→ Description of the task
Copy each entry below unchanged; the images do not go in the copy.

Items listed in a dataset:
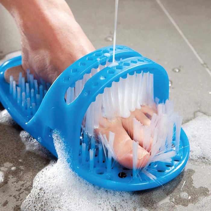 Če se težko ali neradi sklanjate in se vam, kadar stojite pod prho ali ležite v kadi, zdijo vaša stopala neverjetno daleč, lahko za pomoč pri njihovi negi uporabite posebno obuvalo. Plastični natikač s ščetinasto notranjostjo, ki ni namenjen hoji, temveč negi stopal, vas bo odrešil sklanjanja, stanja na eni nogi ali vratolomne telovadbe med kopeljo. S pomočjo priseskov na podplatu natikača slednjega pred uporabo pričvrstite na tla ali stranico kadi, po uporabi pa na kopalniške ploščice, da se odcedi. Ko boste z njim med prhanjem ali kopanjem pošprudlali stopalo, mu boste privoščili tako masažo kot piling ter ga ponegovali od pete do prstov. Več kot tisoč ščetin različnih debelin in dolžin stopalo zmasira ter obdela z vseh strani, s pomočjo ščetin na plastičnem paščku bo poščetkan tudi nart, plovec pa poskrbi za odstranjevanje odmrle kože na peti. Pripomoček za mokro nego stopal lahko uporablja vsa družina in ga je mogoče očistiti v pomivalnem ali pralnem stroju.
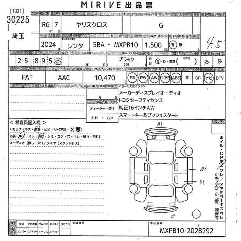 Статус выставлен на аукцион Лот 30225 Аукцион MIRIVE Saitama Дата аукциона 11.03.2026
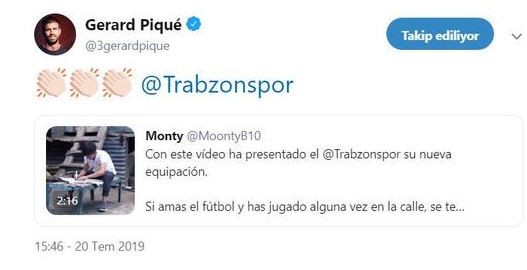 Trabzonspor Kulübü, resmi twitter hesabından teşekkür ettiği Pique'ye, “Sana ve değerli ailene gri formadan göndereceğiz. Bordo-Mavi Trabzonspor'dan, Bordo-Mavi Barcelona'ya sevgilerle” notuyla forma gönderme sözü verdi.
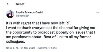 “Lamento haber dejado ahora RT. Quiero agradecer a todos en el canal por darme la oportunidad de transmitir a nivel mundial sobre temas que me apasionan. Mucha suerte a todos mis antiguos compañeros”, escribió en su cuenta de Twitter la periodista Shadia Edwards-Dashti. Ella trabajaba para RT desde Londres. Eran las 10:58 de la mañana del 24 de febrero cuando anunció su dimisión. Apenas habían pasado cinco horas desde la invasión.
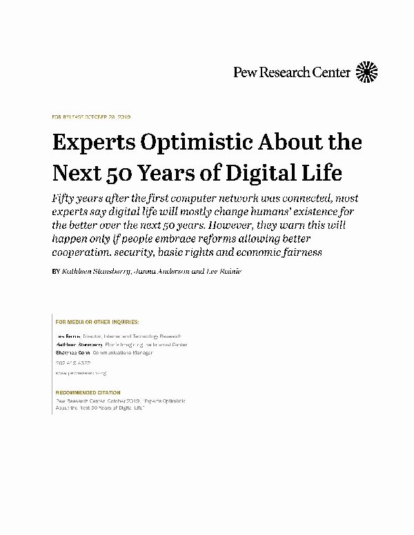 Experts Optimistic About the Next 50 Years of Digital Life [Recurso electrónico] PDF : Fifty years after the first computer network was connected, most experts say digital life will mostly change humans’ existence for the better over the next 50 years. However, they warn this will happen only if people embrace reforms allowing better cooperation, security, basic rights and economic fairness
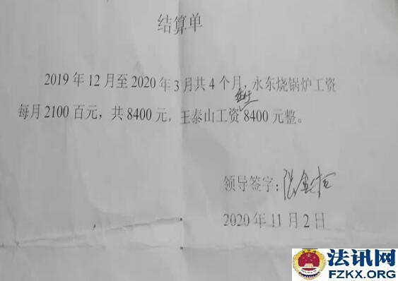 2019年11月迫于生计的王泰山带病找到了一份工作:在永东村东边的古浪县隆腾实业有限公司修建并运营的永丰堡供热站从事烧锅炉工作,没有签订劳动合同,仅口头约定月工资为2100元。到了2020年的3月底供热结束,他没有上班了,而他仅拿到了一个月的工资即2100元。拖欠的8400元工资他要了多次再没有得到一分钱,只是在11月2日给他出具了一份结算单。

→ Output below
 Če se težko ali neradi sklanjate in se vam, kadar stojite pod prho ali ležite v kadi, zdijo vaša stopala neverjetno daleč, lahko za pomoč pri njihovi negi uporabite posebno obuvalo. Plastični natikač s ščetinasto notranjostjo, ki ni namenjen hoji, temveč negi stopal, vas bo odrešil sklanjanja, stanja na eni nogi ali vratolomne telovadbe med kopeljo. S pomočjo priseskov na podplatu natikača slednjega pred uporabo pričvrstite na tla ali stranico kadi, po uporabi pa na kopalniške ploščice, da se odcedi. Ko boste z njim med prhanjem ali kopanjem pošprudlali stopalo, mu boste privoščili tako masažo kot piling ter ga ponegovali od pete do prstov. Več kot tisoč ščetin različnih debelin in dolžin stopalo zmasira ter obdela z vseh strani, s pomočjo ščetin na plastičnem paščku bo poščetkan tudi nart, plovec pa poskrbi za odstranjevanje odmrle kože na peti. Pripomoček za mokro nego stopal lahko uporablja vsa družina in ga je mogoče očistiti v pomivalnem ali pralnem stroju.
 Статус выставлен на аукцион Лот 30225 Аукцион MIRIVE Saitama Дата аукциона 11.03.2026
 Trabzonspor Kulübü, resmi twitter hesabından teşekkür ettiği Pique'ye, “Sana ve değerli ailene gri formadan göndereceğiz. Bordo-Mavi Trabzonspor'dan, Bordo-Mavi Barcelona'ya sevgilerle” notuyla forma gönderme sözü verdi.
 “Lamento haber dejado ahora RT. Quiero agradecer a todos en el canal por darme la oportunidad de transmitir a nivel mundial sobre temas que me apasionan. Mucha suerte a todos mis antiguos compañeros”, escribió en su cuenta de Twitter la periodista Shadia Edwards-Dashti. Ella trabajaba para RT desde Londres. Eran las 10:58 de la mañana del 24 de febrero cuando anunció su dimisión. Apenas habían pasado cinco horas desde la invasión.
 Experts Optimistic About the Next 50 Years of Digital Life [Recurso electrónico] PDF : Fifty years after the first computer network was connected, most experts say digital life will mostly change humans’ existence for the better over the next 50 years. However, they warn this will happen only if people embrace reforms allowing better cooperation, security, basic rights and economic fairness
 2019年11月迫于生计的王泰山带病找到了一份工作:在永东村东边的古浪县隆腾实业有限公司修建并运营的永丰堡供热站从事烧锅炉工作,没有签订劳动合同,仅口头约定月工资为2100元。到了2020年的3月底供热结束,他没有上班了,而他仅拿到了一个月的工资即2100元。拖欠的8400元工资他要了多次再没有得到一分钱,只是在11月2日给他出具了一份结算单。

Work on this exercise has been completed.